2019年の秋、あるサイトにアラフォーだという匿名女性が「手取り14万円です……。何も贅沢できない生活。日本終わってますよね?」という投稿を上げた。

同じような境遇の人はたくさんいるらしく、ニュースサイトでまとめられ、そのときのSNSは共感の声で埋め尽くされた。

この現象を、僕は見過ごせなかった。Twitterで引用リツイートした。

「「お前」がおわってんだよwww」と。そうしたら、大炎上してしまった。

ホリエモンみたいな成金は、低賃金の人たちの実情をわかっていない! 終わってるのはお前だ! 謝れ! などと、まあひどい言葉の集中砲火を浴びた。

僕が成金かどうかという話はさておき、なんで謝らなくちゃいけないの? と、本当に不思議だった。

終わっているものは、終わっているのだ。

■では「月140万円」あれば満足するのか

僕が見過ごせなかったのは、手取り14万の匿名女性の不見識だ。月14万円の稼ぎは、たしかに高収入とは言えないだろう。しかし、あえて問いたい。いくらなら、満足なの? 月に140万円があれば満足? 本当に、本当だろうか?

たくさん稼いだところで、まだあれが足りないとか、これができないなど、満たされない状況が増えるだけで、また「日本終わってますよね」と、嘆くのではないか?

14万円ならば、別に飢えることはない。安い部屋を探して、スマホを使いこなし、無料サービスや売買アプリを利用すれば、ひとまず生きていけるはずだ。

ジムに通って健康管理したい、趣味を増やしたい、多少の嗜好品やブランド品も持ちたい、遠くに旅行したい、だからお金がもっと必要なのだ、という反論もあるだろう。「最低限の暮らしではなく、少しの贅沢と文化的生活は誰でも受ける権利がある」という意見もあった。

たしかに、そのとおり。だが基本的人権の問題と、手取り14万の金額が多いか少ないかは、次元がまったく違う。同じ俎上で論じてはいけない。

14万円の稼ぎがあまりにも少ないというなら、人権とか大きな問題を持ち出さず、自分の満足値をきちんと理解したうえで文句を言うべきだ。

■人生を自力で生きるリテラシーが足りない

「日本終わってますよね?」と言う人たちに問いかけたい。人生において何が幸せなのか、何をしたいのか、明確にできているか?

少しの贅沢を楽しみたい。経済的な不安を軽くしたい。そういう欲を持つのは結構だが、贅沢なんかしなくても幸せにはなれる。

成熟した大人として、当たり前のことを思い出さなくてはいけない。

「日本終わってますよね」と、国家レベルの問題にすり替えようとしているマインドの時点で、自分の本心がわかっていない証拠だ。
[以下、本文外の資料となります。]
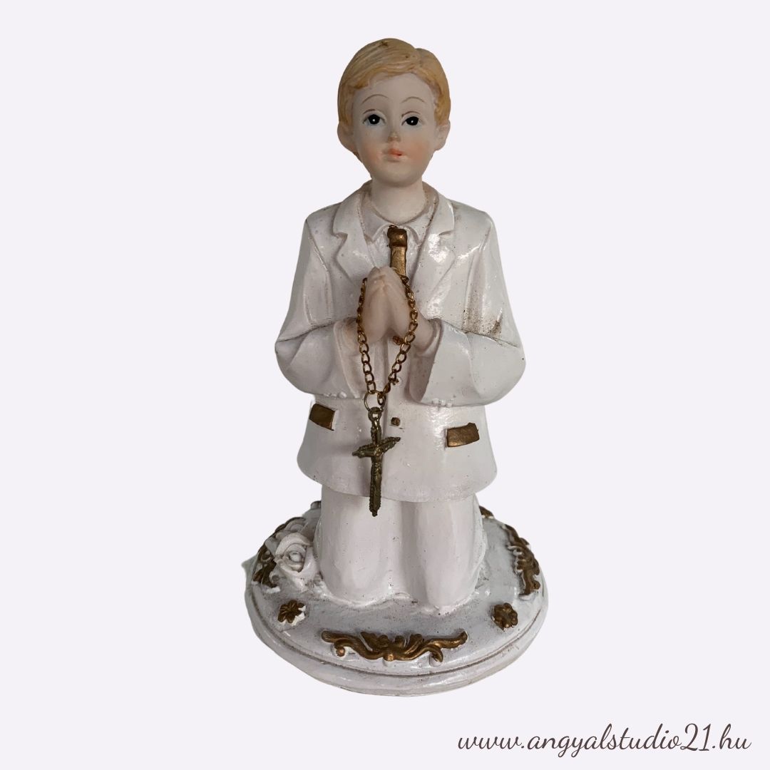 Fehér színű elsőáldozó kisfiú szobor, 14 cm magas.
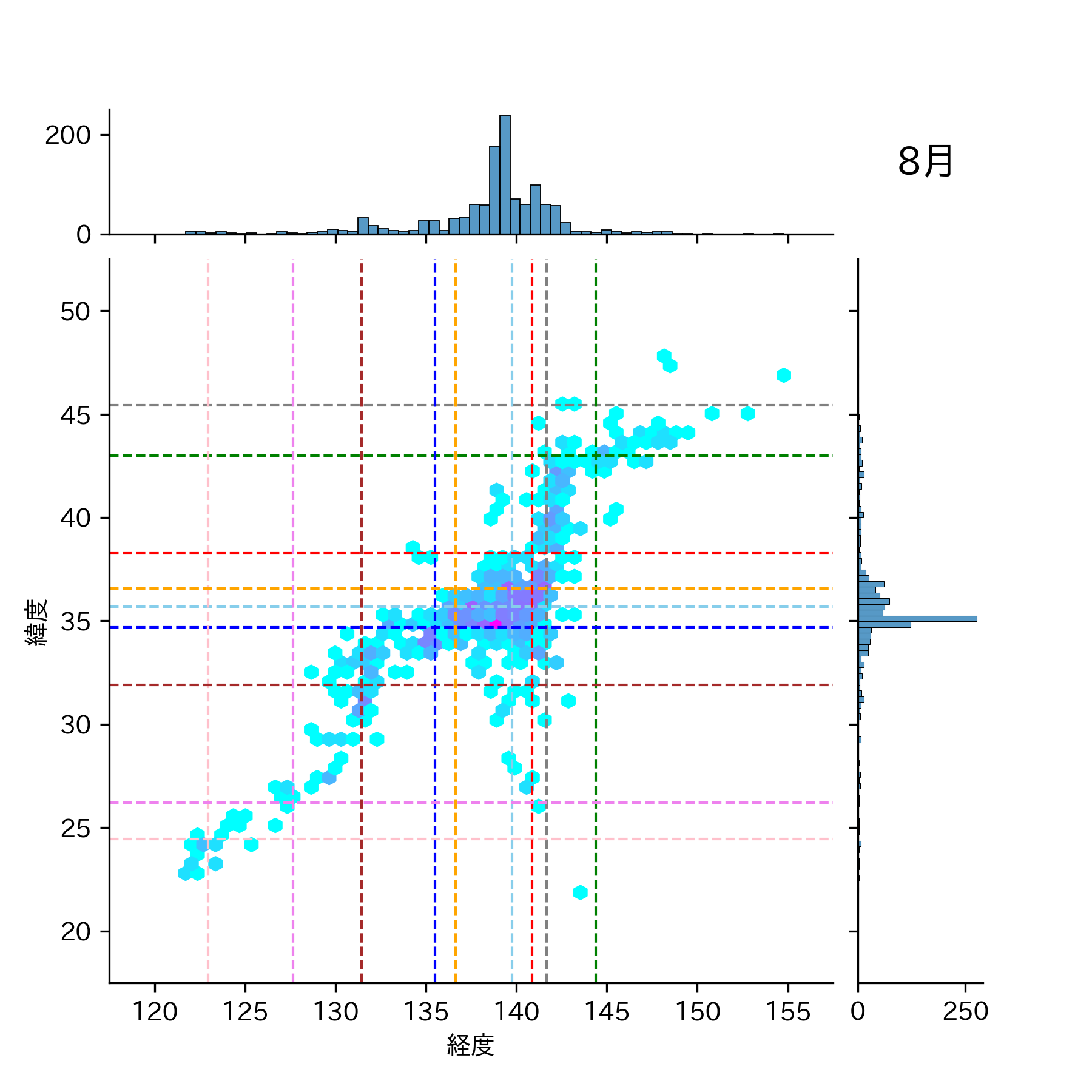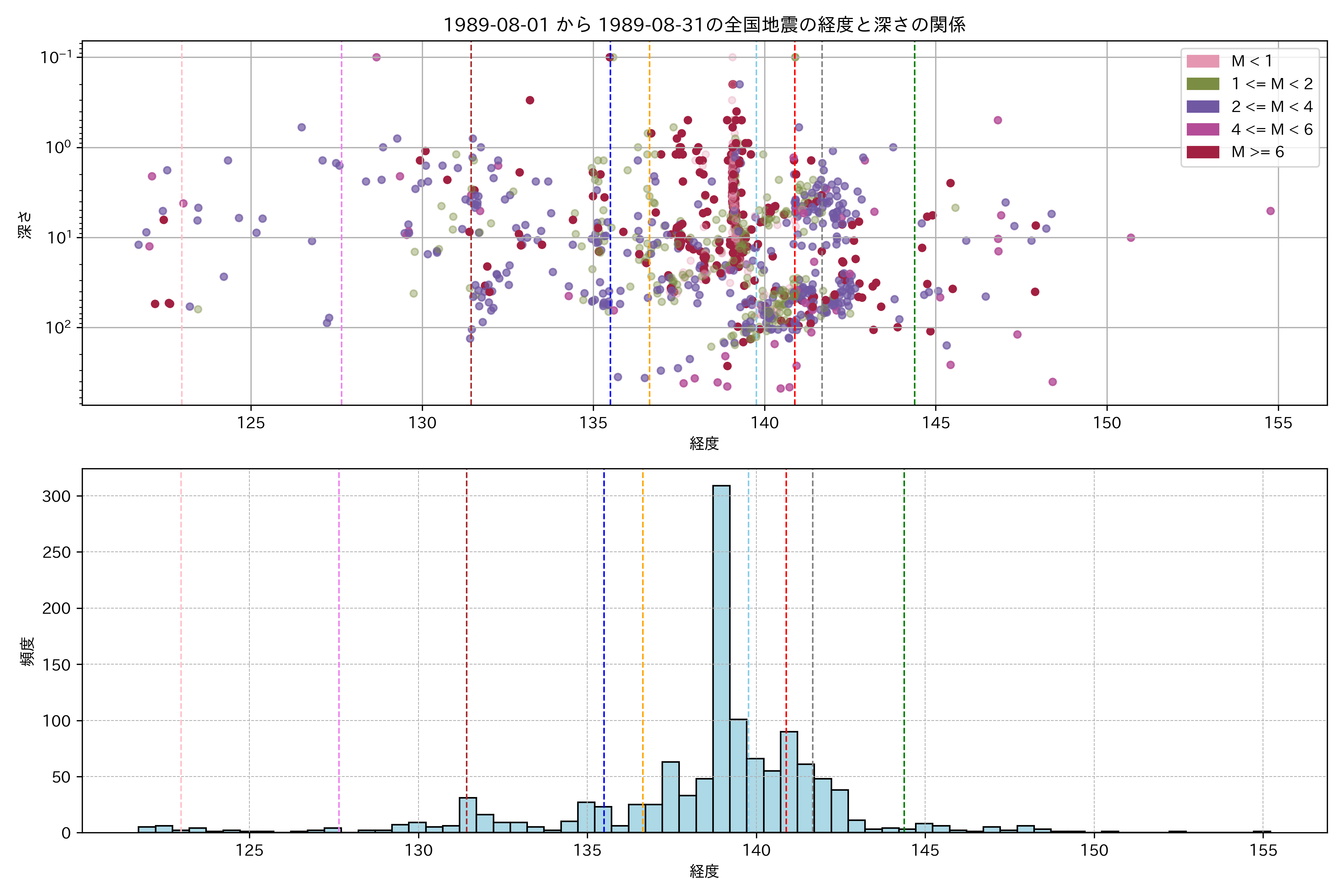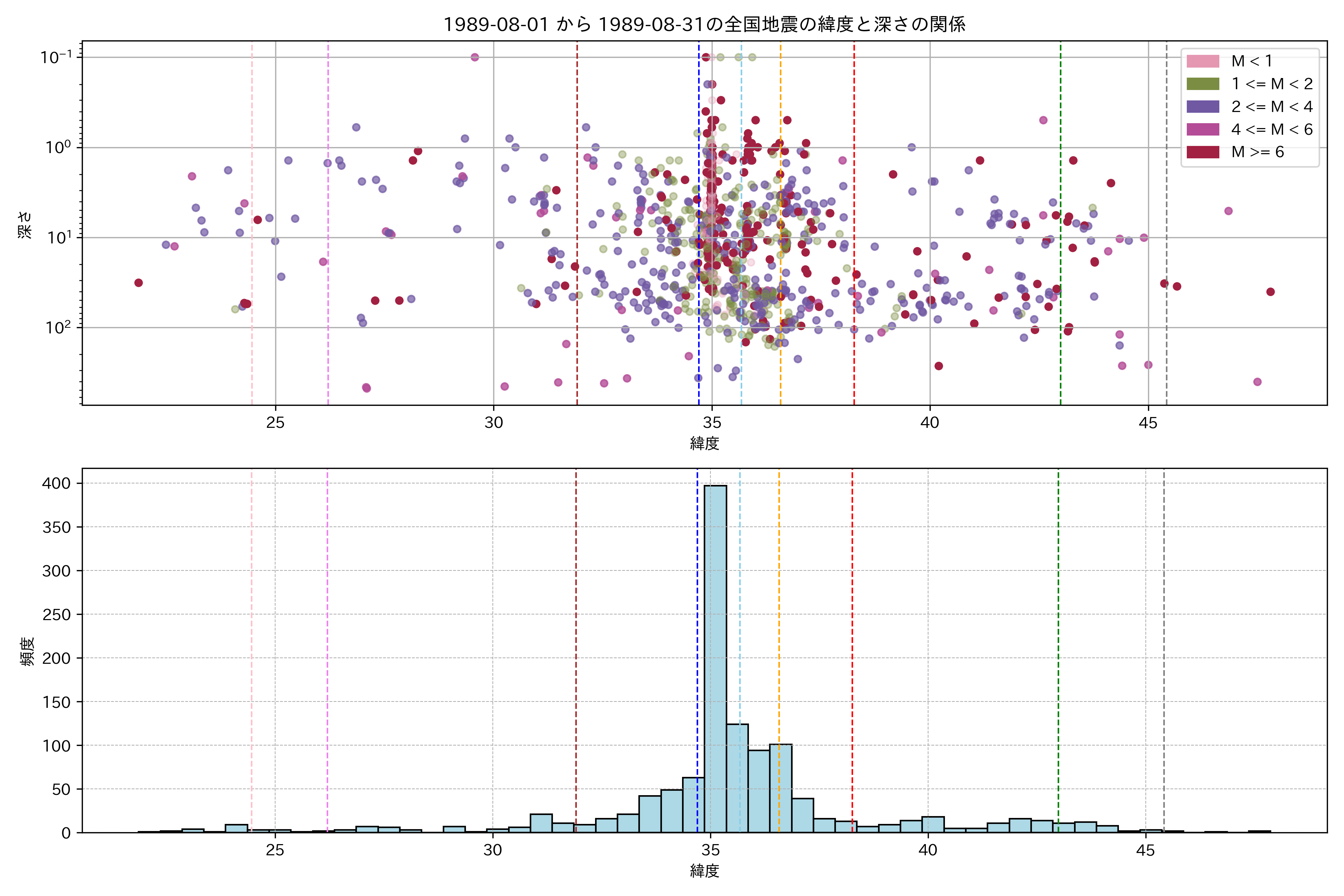 1989年8月 マグニチュード 0 以上震源マップ

足りないのは月給ではなく、人生を自力で生きていくためのリテラシーだ。

炎上はたびたびするのだが、多少の無力感を感じる炎上だった。僕は著書やメディアで、リテラシーを磨くことの重要性をしつこく繰り返し訴えているのに、まだまだ多くの人には届いていなかった。

「おわってんだよ」と言ったけど、投稿者本人を否定しているわけではない。苦しさを招く思考は、工夫次第でいくらでも変えられるのだ。

国家に文句を言う前に、まず自分で変わっていけ!

言葉は厳しかったけれど、そのようなエールをこめたつもりだ。受賞者 写真=iStock.com/kieferpix ※写真はイメージです – 写真=iStock.com/kieferpix

■大切にしているのは「人生を遊び尽くす」こと

大学生時代に起業してから今日まで、スケジュールがガラ空きになったことがない。

1日に数十件の案件を処理することは普通で、国内外の移動、友人との会食、トレーニング、すきま時間にスマホで情報収集や発信を行い、睡眠時間はしっかりキープしている。仕事がなんにもやることなくぼんやり過ごしていたという日は、30年近く1日も無いだろう。僕のなかでは最適化されているので特に大変ではないけれど、普通の人からすれば超人的なタイムスケジュールらしい。たしかに、僕の毎日に全部ついて来られる体力の友人や恋人は、ほとんどいない。

僕にとってビジネスは遊びと同じだ。

時間を活用して、情報を狩りながら自由に生き、すべてが遊ぶことに通じている。

よく、堀江さんが一番、大切にされていることは何ですか? と聞かれる。一番なんかないのだけど、シンプルに答えるなら「人生を遊び尽くす」ことだ。

僕は毎日が楽しくて、楽しくて仕方がない。

常識やいろんな制約に縛られず、人生を自由に、遊び尽くして生きているからだ。

■「できない理由」を探す人は、人生を無駄にしている

「そんなことはホリエモンだからできるんだ」と言う人も、いるかもしれない。けれど、僕だからできることなんて、ほんの少ししかない。堀江貴文『非常識に生きる』(小学館集英社プロダクション) 堀江貴文『非常識に生きる』(小学館集英社プロダクション)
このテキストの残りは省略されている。